[What needs to be done] Transcribe every line of the material below exactly, leaving out the pictures.

[Information shown]
────────────────

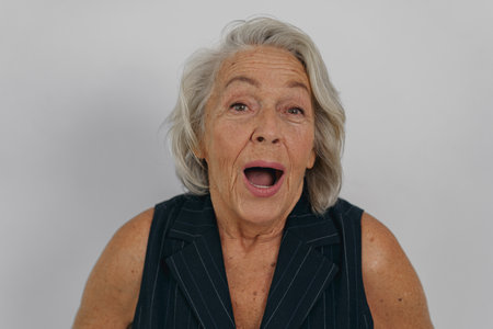A Surprised Senior Woman Joyfully Expressing Her Delight and Happiness in a Candid Moment
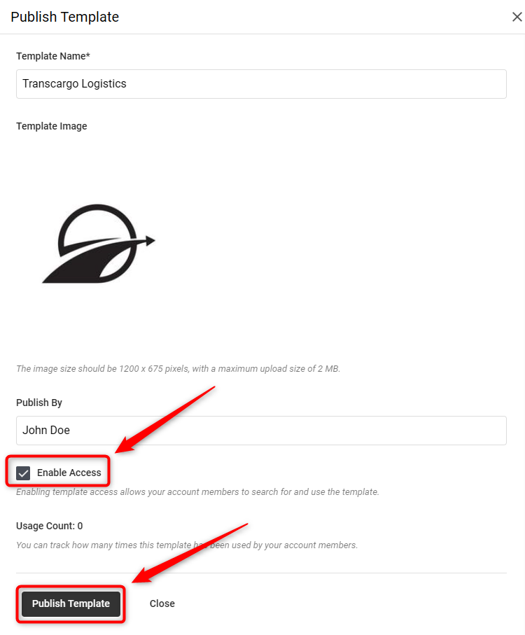 A popup will appear, Enter all required information in the popup, click on "Enable Access" to allow access to this template to your invited Account Member, and then click “Publish Template” to complete the process.
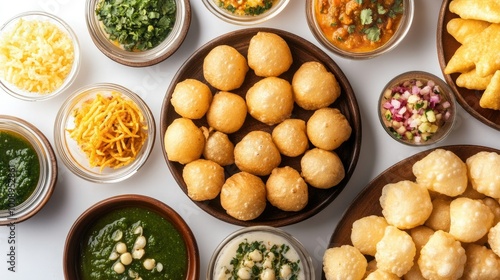 Overhead view of a serving of pani puri with various fillings, set against a clean backdrop, highlighting the textures
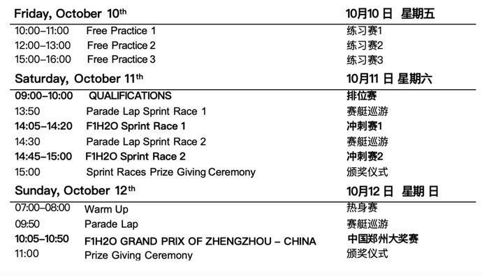 10月12日,7:00-8:00举行热身赛,9:50举行赛艇巡游,10:05-10:50举行中国郑州大奖赛,11:00举行授奖庆典。

────────────────

[Exercise result]
A Surprised Senior Woman Joyfully Expressing Her Delight and Happiness in a Candid Moment
 A popup will appear, Enter all required information in the popup, click on "Enable Access" to allow access to this template to your invited Account Member, and then click “Publish Template” to complete the process.
 Overhead view of a serving of pani puri with various fillings, set against a clean backdrop, highlighting the textures
 10月12日,7:00-8:00举行热身赛,9:50举行赛艇巡游,10:05-10:50举行中国郑州大奖赛,11:00举行授奖庆典。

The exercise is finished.